---
license: cc-by-nc-4.0
language:
- en
base_model:
- Qwen/Qwen3-VL-30B-A3B-Thinking
pipeline_tag: image-text-to-text
library_name: transformers
tags:
- multimodal
- action
- agent
- pytorch
- computer use
- gui agents
---
# **Holo2: Foundational Models for Navigation and Computer Use Agents**


[![GitHub](https://img.shields.io/badge/Holo2_Cookbook-100000?style=for-the-badge&logo=github&logoColor=white)](https://github.com/hcompai/hai-cookbook/tree/main/holo2)

## **Model Description**

**Holo2** represents the next major step in developing large-scale Vision-Language Models (VLMs) for **multi-domain GUI Agents**.
These agents can operate real digital environments specifically web, desktop, and mobile by interpreting interfaces, reasoning over content, and executing actions.

Our **Holo2** family emphasizes **navigation and task execution** across diverse real and simulated environments, extending beyond static perception to **multi-step, goal-directed behavior**.  

It builds upon the strengths of **Holo1.5** in UI localization and screen content understanding, with major improvements in **policy learning**, **action grounding**, and **cross-environment generalization**.

The **Holo2** series comes in three model sizes:

- **Holo2-4B:** fully open under Apache 2.0
- **Holo2-8B:** fully open under Apache 2.0
- **Holo2-30B-A3B:** research-only license (non-commercial). For commercial use, please contact us.

These models are designed to provide reliable, accurate, and efficient foundations for next-generation CU agents, like Surfer-H.

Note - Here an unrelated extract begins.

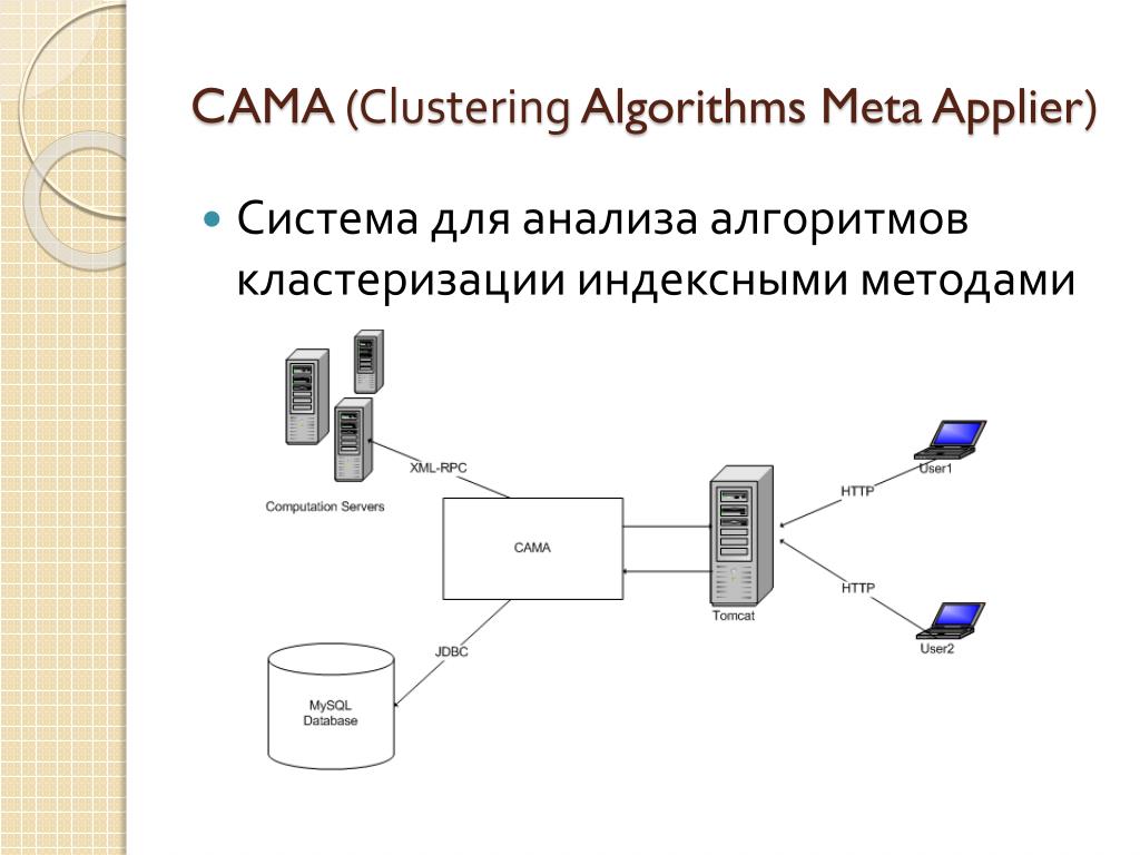 CAMA (Clustering Algorithms Meta Applier) • Система для анализа алгоритмов кластеризации индексными методами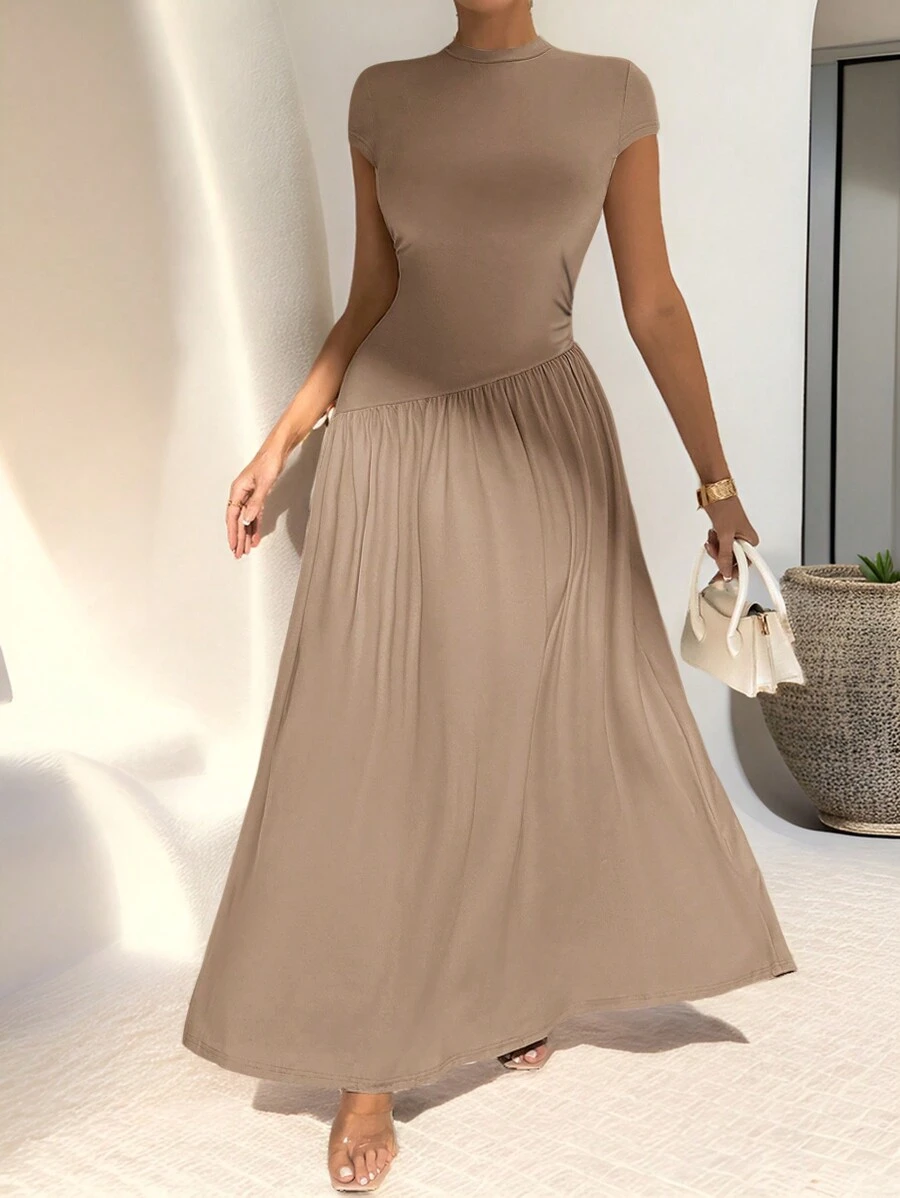• Firerie 优雅简约纯色短袖合身立领不对称 A 字腰长裙

- **Developed by:** [**H Company**](https://www.hcompany.ai/)
- **Model type:** Vision-Language Model for Navigation and Computer Use Agents
- **Fine-tuned from model:** Qwen/Qwen3-VL-30B-A3B-Thinking
- **Blog Post:** https://www.hcompany.ai/blog/holo2
- **License:** Apache 2.0 License


## Get Started with the Model

Please have a look at the [cookbook](https://github.com/hcompai/hai-cookbook/tree/main/holo2) in our repo where we provide examples for both self-hosting and API use!


## **Training Strategy**

Our models are trained using high-quality proprietary data for UI understanding and action prediction, following a multi-stage training pipeline. The training dataset is a carefully curated mix of open-source datasets, large-scale synthetic data, and human-annotated samples. Training proceeds in two stages: large-scale supervised fine-tuning, followed by online reinforcement learning (GRPO) yielding SOTA performance in interpreting UIs and performing actions on large, complex screens

## **Results**

### **Holo2: Navigation Performance**

Navigation evaluates an agent’s ability to complete real or simulated tasks through multi-step reasoning and action.  
Holo2 models show significant improvements in navigation efficiency and task completion rates, particularly in unseen and complex environments.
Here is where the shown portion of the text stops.